College ass bitch. Probably went to whore school you stupid whore bitch. Is that your boyfriend? That’s not his only beard, you dumb slut. You think you’re better than me? Rug muncher bitch.

I will sit down! Hold on. Let me get some shit straight. Quit calling me ‘meth lady’ alright? I’m 48 years old and I’m going to Riverside to an inpatient facility, alright? Anyone here been to the 909? I thought it was closer to LA, that’s why I’m wearing this Lakers sweatshirt from 1986 I found at a thrift store in Columbus. I’ve been clean seven weeks but Missouri is a fucking shithole run by rapist pigs that don’t give a rat’s ass if the dealers are out burning people with pipes over a little money owed. Yeah, whatever, Richard. Scar my left asscheek over $38. That’s gonna make it a lot easier for me to pay you back for that last bag. Didn’t you see that Clint Eastwood movie? Why don’t you just slash my face while you’re at it? Fuckin’ kid toucher. Fuckin’ horse fucker. Fuckin’…

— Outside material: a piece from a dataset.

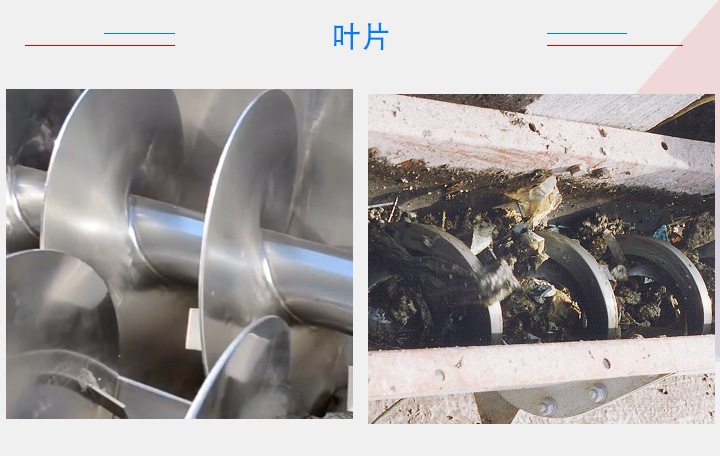 不同性質的物料對螺旋輸送機的葉片形狀、材質有不同的要求。針對一般物料,可選擇碳鋼材質的有軸葉片,對于一些粘性大,纏繞性物流,就需要選擇無軸螺旋葉片,對衛生環境有要求的物料,葉片一般建議選擇不銹鋼材質,磨琢性強的物料則要選擇錳鋼材質的葉片。

Yeah he is! You don’t even know. You weren’t there. I had to leave. Court order.

What are you looking at, fag boy? With your fag hair. Who are you supposed to be, fuckin’ Jimmy Page? Is there vodka in that Red Bull you got? Are you watching football? What’s the score of the Rams game? Oh, they’re the night game? Alright. You’re alright. Where you goin’? Don’t ignore me! Faggot. I should hook you up with my homo son, you little queer. Doesn’t even call on my birthday. You like to party? I know he likes to party but he won’t even share with his own MAMA. Fuck Missouri. I’ve got more hairs on my chin than you, fag boy, what are you, a Puerto Rican? Half Pinoy? Fuckin’ bottom bitch. I quit takin’ it up the ass in 2005, what’s your fuckin’ excuse? Teresa Heinz lookin’ punk ass mark ass trick.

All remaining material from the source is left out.